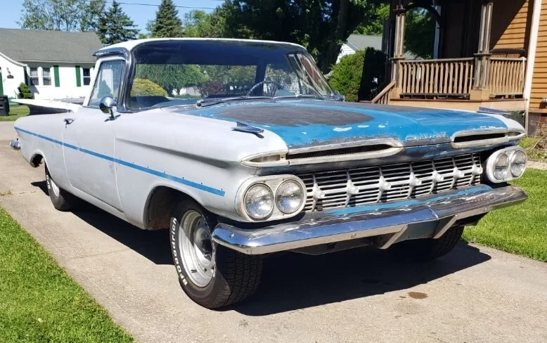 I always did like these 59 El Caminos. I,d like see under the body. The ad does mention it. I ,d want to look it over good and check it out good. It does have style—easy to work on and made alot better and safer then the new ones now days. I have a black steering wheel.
━━━
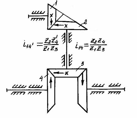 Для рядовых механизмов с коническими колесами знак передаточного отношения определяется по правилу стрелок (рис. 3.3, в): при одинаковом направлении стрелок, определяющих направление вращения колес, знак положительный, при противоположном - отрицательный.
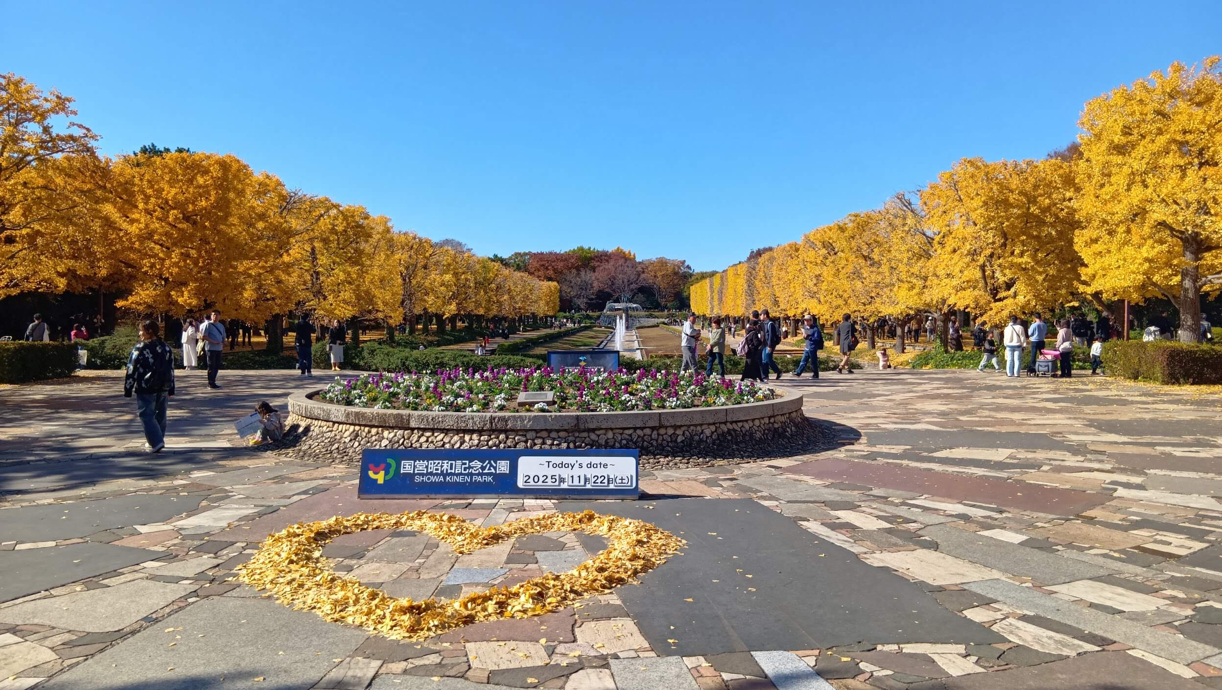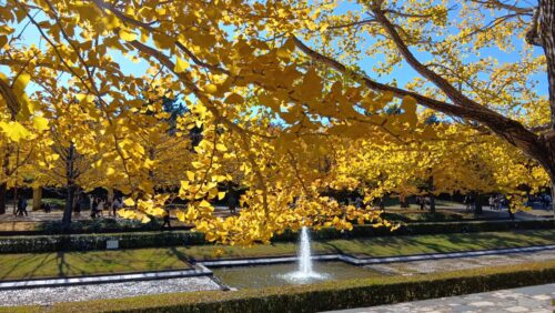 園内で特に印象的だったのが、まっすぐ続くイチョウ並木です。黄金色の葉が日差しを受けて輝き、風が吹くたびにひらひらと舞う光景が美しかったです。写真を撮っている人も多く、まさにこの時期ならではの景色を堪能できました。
━━━
- Your assignment:
In the material above, the stretch from the line with "Для рядовых механизмов" through the line with "園内で特に印象的だったのが、" is to be given again exactly, minus the pictures.

- Written solution:
 Для рядовых механизмов с коническими колесами знак передаточного отношения определяется по правилу стрелок (рис. 3.3, в): при одинаковом направлении стрелок, определяющих направление вращения колес, знак положительный, при противоположном - отрицательный.
 園内で特に印象的だったのが、まっすぐ続くイチョウ並木です。黄金色の葉が日差しを受けて輝き、風が吹くたびにひらひらと舞う光景が美しかったです。写真を撮っている人も多く、まさにこの時期ならではの景色を堪能できました。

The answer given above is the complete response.